The ranking Democrats on the Intelligence and Armed Services committees -- Reps. Jane Harman and Ike Skelton -- also voted yes."
Those 14 Repubs could have been 28 or more if Southern Republicans -- and the South is a one party region of the country -- were infiltrated with more Weld Republicans.
What this is a plea for is real politics, rather than the pretend politics that demonizes the GOP while supporting a minority party that makes a habit of genuflecting to the GOP any time it feels frightened. And it feels frightened all of the time that it is a minority party, and half the time that it is a majority party.

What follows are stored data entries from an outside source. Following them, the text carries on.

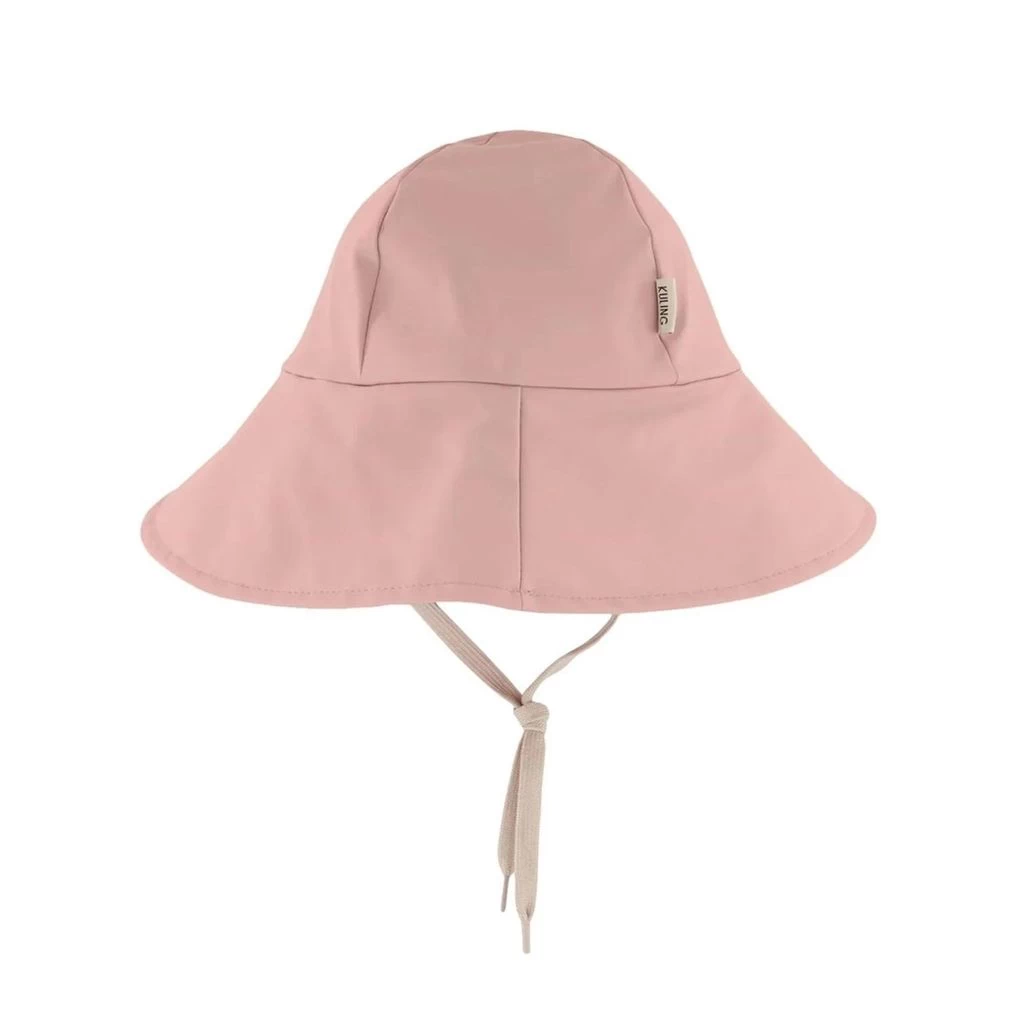 Rainy days will be so much fun. Pink Vasa rain hat by Kuling. The rain hat has welded seams. It has a bonded lining, a wide brim, fleece lined earflaps and tie strings at the chin.
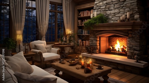 Fototapeta premium Cozy and Inviting Living Room with Fireplace and Comfortable Furnishings in a...
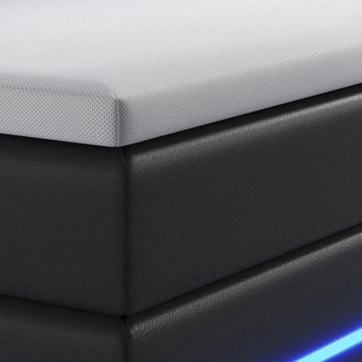 Il meraviglioso letto Norfolk box spring (120x200 cm, nero) con materasso a molle extra spesso e morbido topper vi offre un comfort assoluto durante il sonno. Dopo una notte trascorsa dormendo a strati, ti sentirai leggero come una piuma e ben riposato. Anche appoggiandosi alla testiera comodamente imbottita mentre si legge o si guarda la TV, si ricaricano le batterie e si protegge la schiena. L'illuminazione a LED immerge la vostra camera da letto in una luce piacevole e rilassante. Grazie alla sua comoda altezza di 66 cm, il letto è ideale per adulti e anziani.
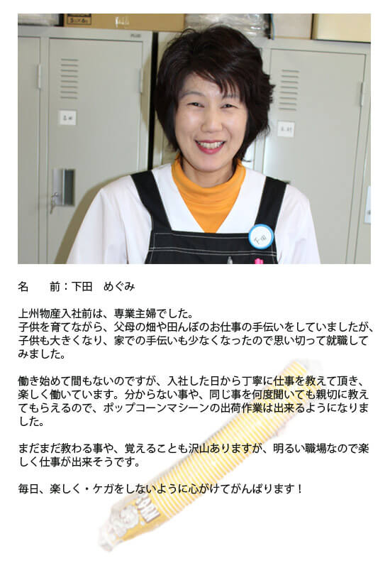 分からない事や、同じ事を何度聞いても親切に教えてもらえるので、ポップコーンの出荷作業は出来るようになりました。
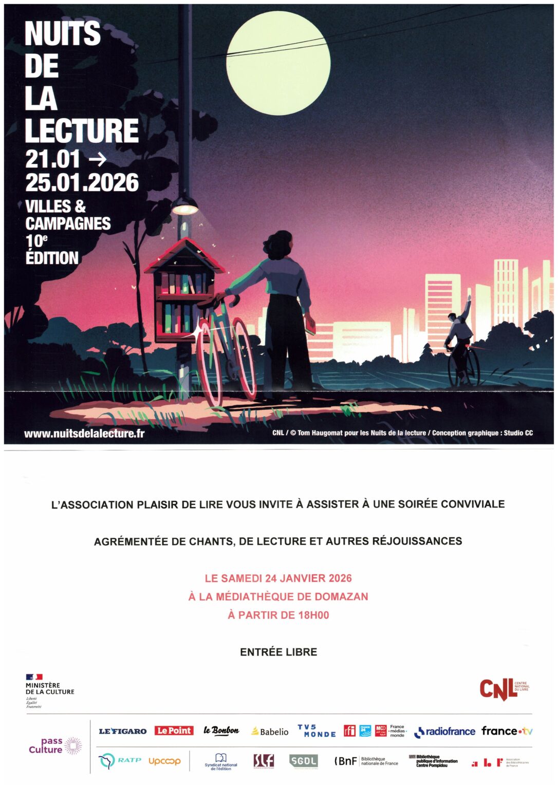 À l’occasion de la 10e édition des Nuits de la lecture sur le thème « Villes et campagnes », l’association Plaisir de lire vous invite à assister à une soirée conviviale agrémentée de chants, de lecture et autres réjouissances.
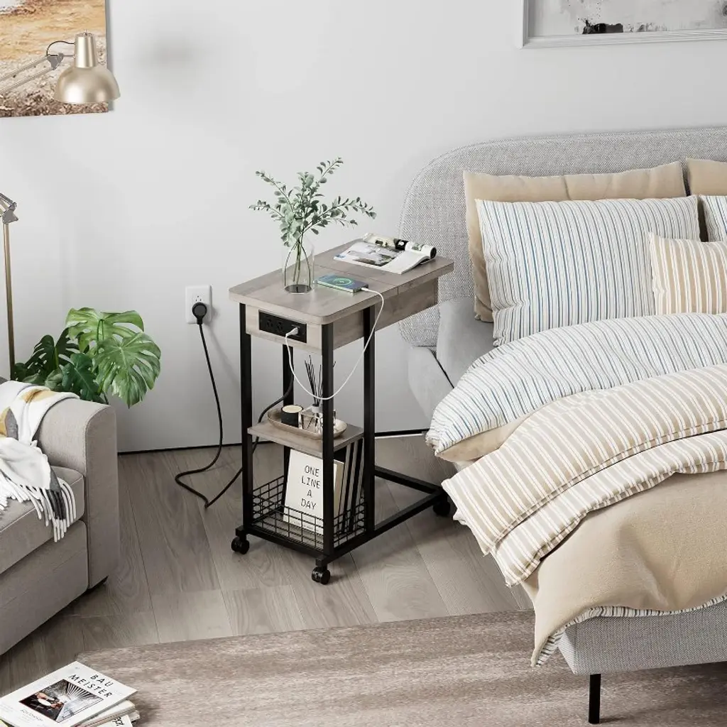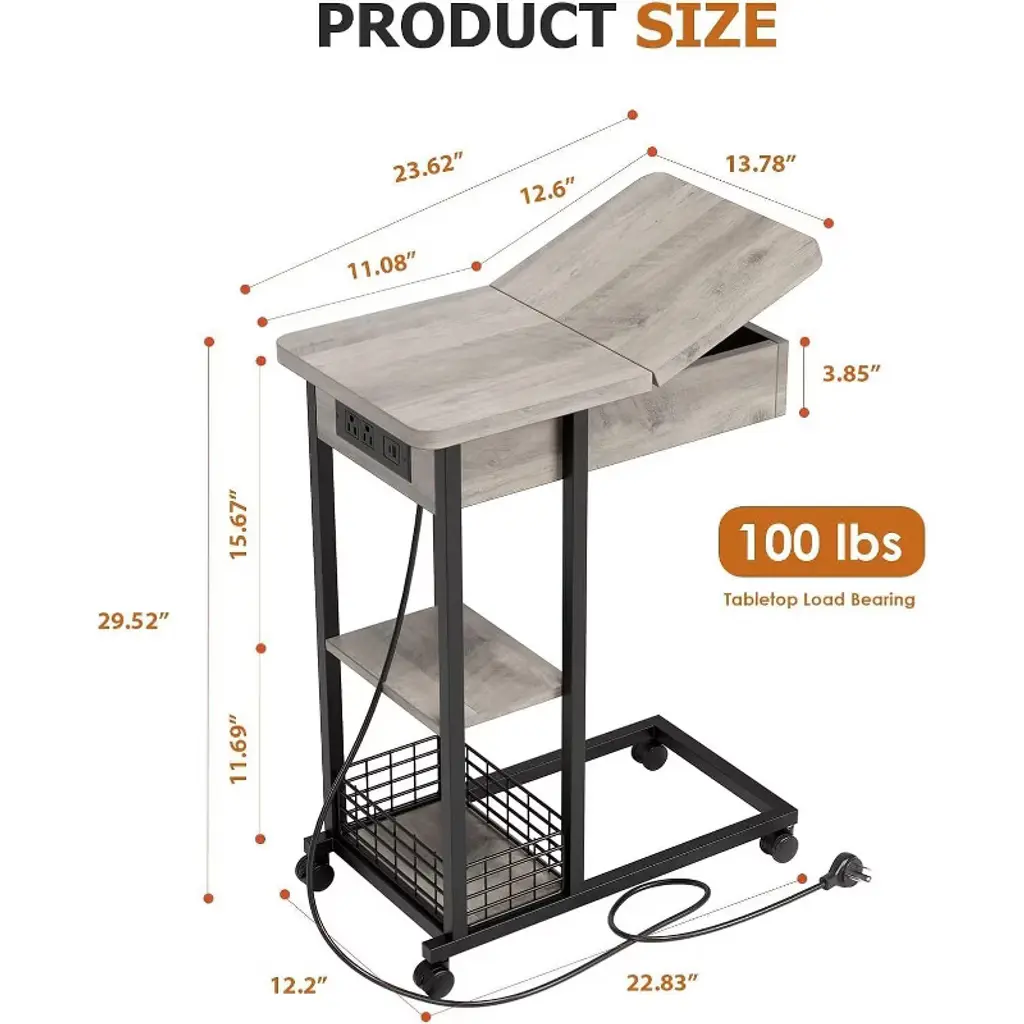C Shaped End Table, Industrial Rolling Bedside Table With Filp Top, Power Outlets, Lockable Wheels, 3 Tier Couch Table Side Table With Storage

In Massachussetts, you can do much better than Weld, so there's no reason to go Republican -- but in Texas, South Carolina, Florida, etc., a Republican in the Weld mold is an excellent candidate. Instead of, for instance, the last Dem who ran for governor in Texas, who was touted as a moderate, and spent much of his time publicizing the fact that he gave Bush 250,000 dollars in campaign contributions in 2000. Wow, just what I want. Or his Senator counterpart, who was also touted as a moderate and was defeated by a genuinely extreme rightwing Republican. The Rightwing doesn't have much competition in the Republican party, and liberals think that is just fine. Which is nuts. Conservatives have the better sense to try to pick conservative dems, because it increases their chances for passing Conservative legislation. Is that simple, or what?
ps -- I found an old news story about Ron Kirk, the Dem Senate candidate from Texas: here's a quote from it: "Kirk has supported the president's education initiatives and has said he supports the war effort."
Great essay. I've read Noam Chomsky repeatedly say that the Dems and Repubs are just 2 wings of the same party -- the business party. I really think it's true. And there are differences between the two (especially since the Bush administration is so radical), but a lot of the "debate" among the chattering classes is just so much theatre, keeping the realm of options safely within the center right far right range.